■ **Task description**
Please return exactly the lines from the one containing "Нескользящая фактурная поверхность" through the end of the records, including both.

^^^^^^^^^^^^^^^^

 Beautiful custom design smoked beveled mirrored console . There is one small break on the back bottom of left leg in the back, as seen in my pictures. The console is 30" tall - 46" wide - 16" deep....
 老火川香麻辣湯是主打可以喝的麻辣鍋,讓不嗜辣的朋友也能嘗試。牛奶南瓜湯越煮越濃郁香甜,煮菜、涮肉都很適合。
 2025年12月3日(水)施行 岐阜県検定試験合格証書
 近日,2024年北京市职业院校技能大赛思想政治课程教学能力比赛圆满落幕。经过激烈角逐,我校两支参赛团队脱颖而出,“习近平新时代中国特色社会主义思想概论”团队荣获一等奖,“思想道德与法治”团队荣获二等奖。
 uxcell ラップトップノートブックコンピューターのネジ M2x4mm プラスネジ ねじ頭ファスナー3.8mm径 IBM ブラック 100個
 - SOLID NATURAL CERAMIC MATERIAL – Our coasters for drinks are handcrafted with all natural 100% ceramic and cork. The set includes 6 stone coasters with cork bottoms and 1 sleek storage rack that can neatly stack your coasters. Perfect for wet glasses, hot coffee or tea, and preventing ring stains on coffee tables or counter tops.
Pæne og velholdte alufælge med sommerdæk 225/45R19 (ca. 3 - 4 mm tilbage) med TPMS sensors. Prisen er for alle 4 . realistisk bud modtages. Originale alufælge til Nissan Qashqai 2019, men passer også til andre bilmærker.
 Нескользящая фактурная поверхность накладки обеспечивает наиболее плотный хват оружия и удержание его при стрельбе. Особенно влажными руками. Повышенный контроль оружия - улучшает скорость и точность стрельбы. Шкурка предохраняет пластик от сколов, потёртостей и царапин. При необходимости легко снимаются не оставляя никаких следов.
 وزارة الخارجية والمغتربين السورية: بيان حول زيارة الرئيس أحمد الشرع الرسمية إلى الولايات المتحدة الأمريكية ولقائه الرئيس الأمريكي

^^^^^^^^^^^^^^^^

■ **Answer for this exercise**
 Нескользящая фактурная поверхность накладки обеспечивает наиболее плотный хват оружия и удержание его при стрельбе. Особенно влажными руками. Повышенный контроль оружия - улучшает скорость и точность стрельбы. Шкурка предохраняет пластик от сколов, потёртостей и царапин. При необходимости легко снимаются не оставляя никаких следов.
 وزارة الخارجية والمغتربين السورية: بيان حول زيارة الرئيس أحمد الشرع الرسمية إلى الولايات المتحدة الأمريكية ولقائه الرئيس الأمريكي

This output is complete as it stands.